In Artificial Nueral Networks we use loss value of the last layer in order to use it for optimization because the goal is reducing loss value. Now, consider these problems:
1- I want to train the network for segmenting different objects in input image
2- I want to train the network for segmenting skin colors
3- I want to train the network for finding a hand in input image
there are many other subjects to train the networks.

It can be considered that loss functions among the three problems are different but loss functions based on their target return different values. It seems to me that we can consider one deep network and train the three problems with different data and loss functions (regarding the problem). The only difference seems different loss values that is used by backpropagation method for updating weights. am I think correctly?

Because in websites we see problem of classification, which target is class number and output of network is not an image. How must the loss function is considered in this situation?
It seems that I must consider target an labeled image (ground truth) and output of the last layer as output of trained network (which is an image that is called prediction). But I do not this is enough to compute loss function based on prediction and ground truth image? can returned value converge the network to segment hand, skin color or objects or I must consider other factors?

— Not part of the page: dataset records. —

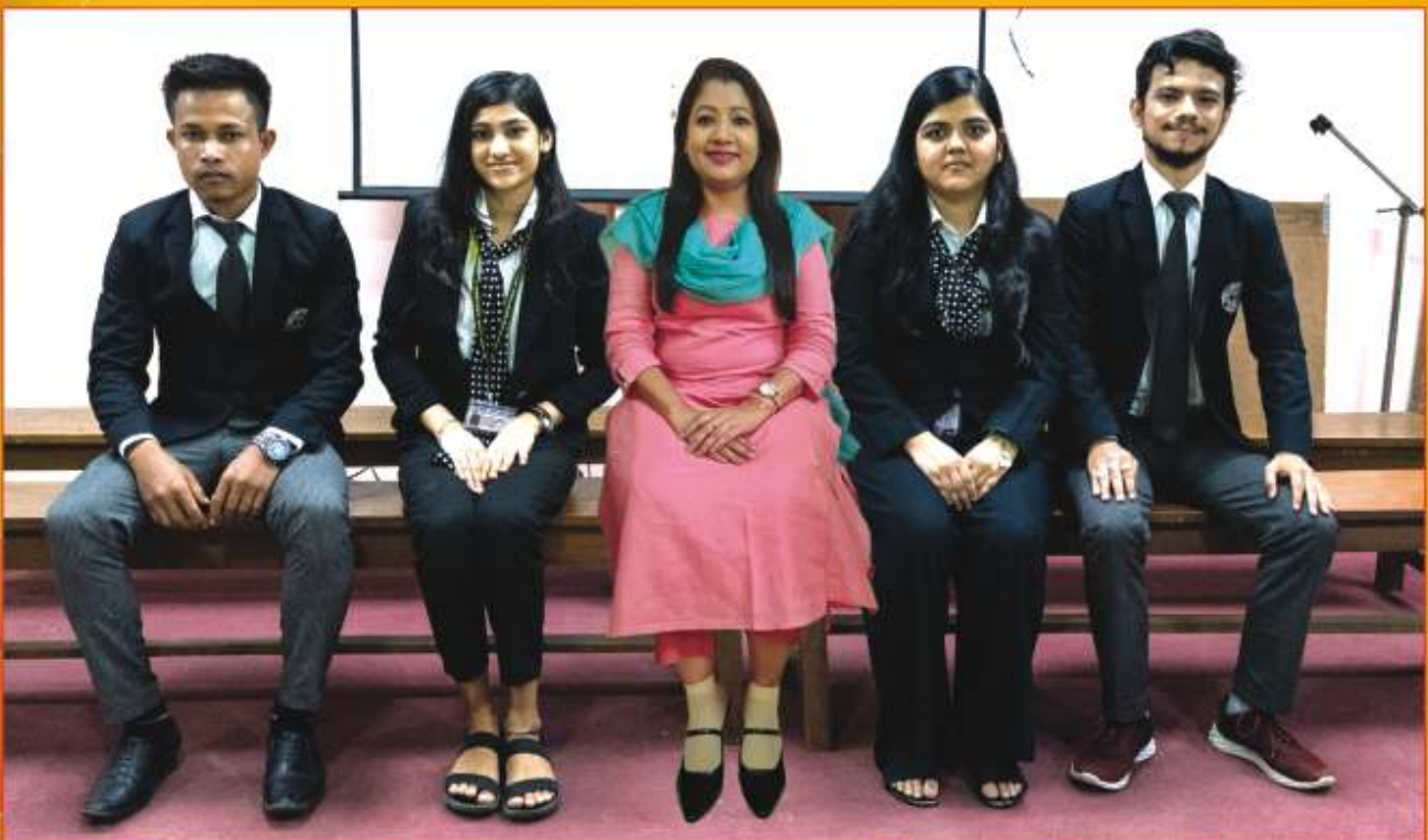
B.Com LL.B 6th Semester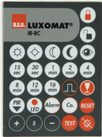
IR-RC Art.No: 92000

Dimensions: 40 x 55 x 103 mm Material color: black Frequency: 2.4 GHz ISM band, GFSK 0.2 dBm + 5.3 dBi = 5.5 dBm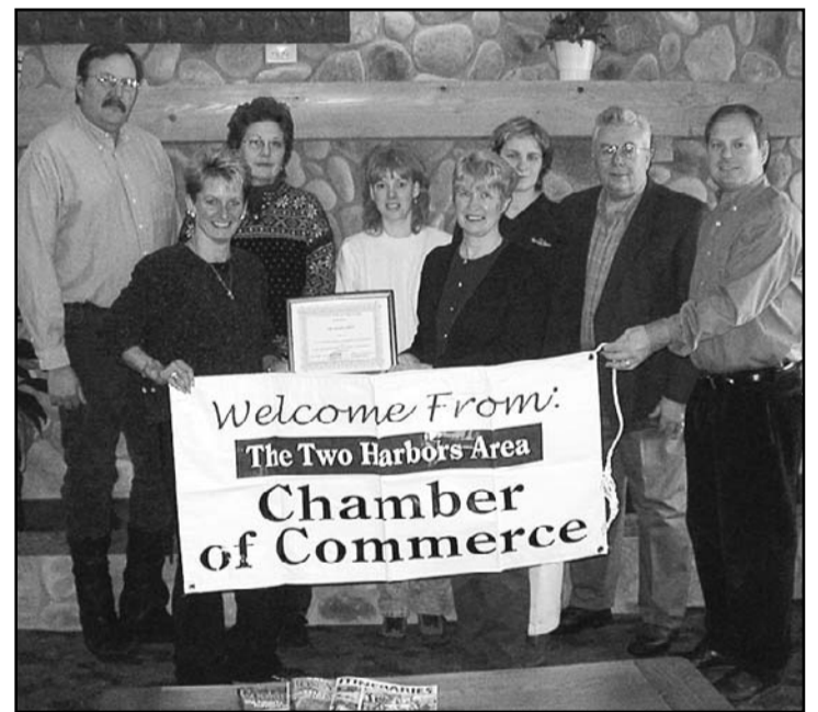
The Wells Fargo offices in Silver Bay became members of the Two Harbors Chamber of Commerce.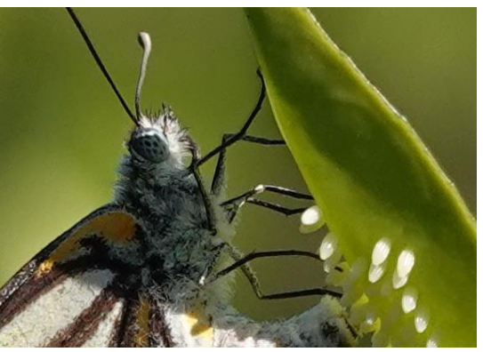
Caper White Butterfly and close up of newly laid eggs (P Spencer). [Perhaps not clear here but the eggs can be seen as fluted in the original photo]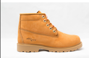
MIKE'S # 1068-100 TAN NUBUCK

5" BOOT WP: Full Grain Leather upper. Solid, light weight n flexible. Oil and abrasion resistant. Padded collar. Fully lined. Cushion insole. Waterproof.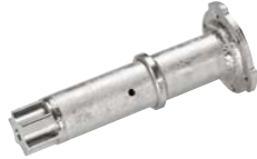
F3 Attachment-P89 7.00 kg Item No. 21904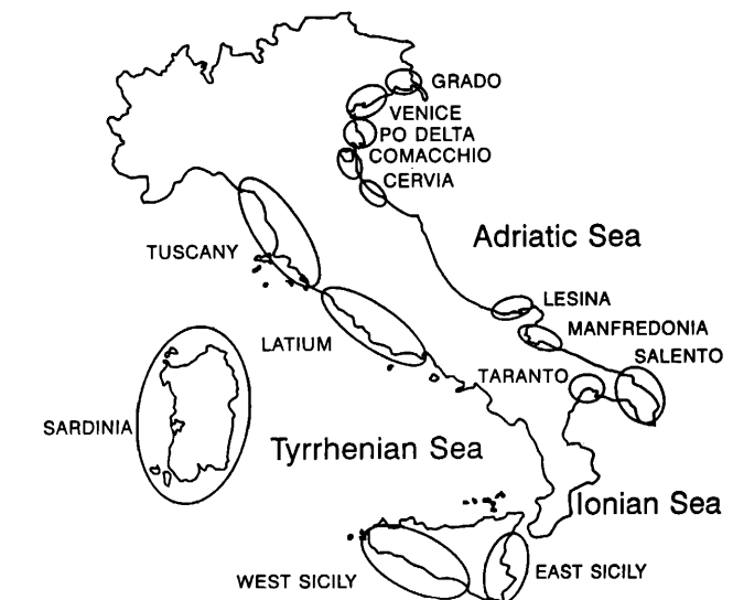
Figure 1. Map of Italy showing the different counted areas.

GRADO: Lagoon of Grado-Marano (ca. 17,000 ha), Isonzo mouth and northernmost Adriatic seashores, with offshore sandbanks. Average spring tide range: 90 cm. The area includes two Ramsar sites (total 1 650 ha) and some no-shooting sites. Data given is from 1991 (Baccetti et al. 1992), 1994, 1995 and 1996. Counts were made by 'Osservatori Faunistici' of Friuli - Venezia Giulia.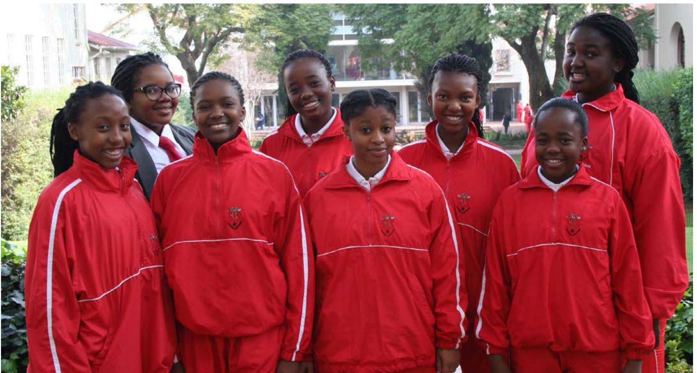
St Mary's Allan Gray scholarship girls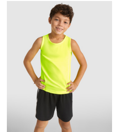
ANDRE KIDS K0350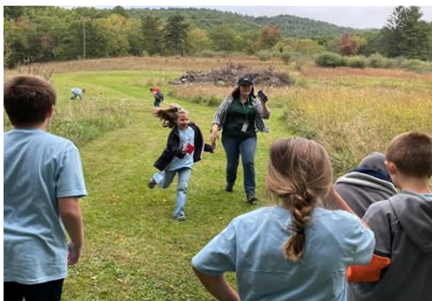
Figure 7. The SBC is leading an activity at the 2023 Water Celebration Day held at Moncove Lake State Park.

Venkatesh_Sakthivel · September 15, 2018, 7:10pm

+1 Even I have similar kind of problem.

ptrblck · September 15, 2018, 8:10pm

Segmentation tasks can be seen as a pixel-wise classification, if each pixel can only have one single class.
Similar to a vanilla classification we predict the classes for the input, but for each pixel instead of the whole image.
The loss functions like nn.CrossEntropyLoss work for multi-dimensional output.
Here is a small example using a dummy model with just one conv layer:

n_classes = 2
c, h, w = 3, 24, 24

model = nn.Conv2d(c, n_classes, 3, 1, 1)
criterion = nn.CrossEntropyLoss()

x = torch.randn(1, c, h, w)
target = torch.empty(1, h, w, dtype=torch.long).random_(n_classes)
output = model(x)
loss = criterion(output, target)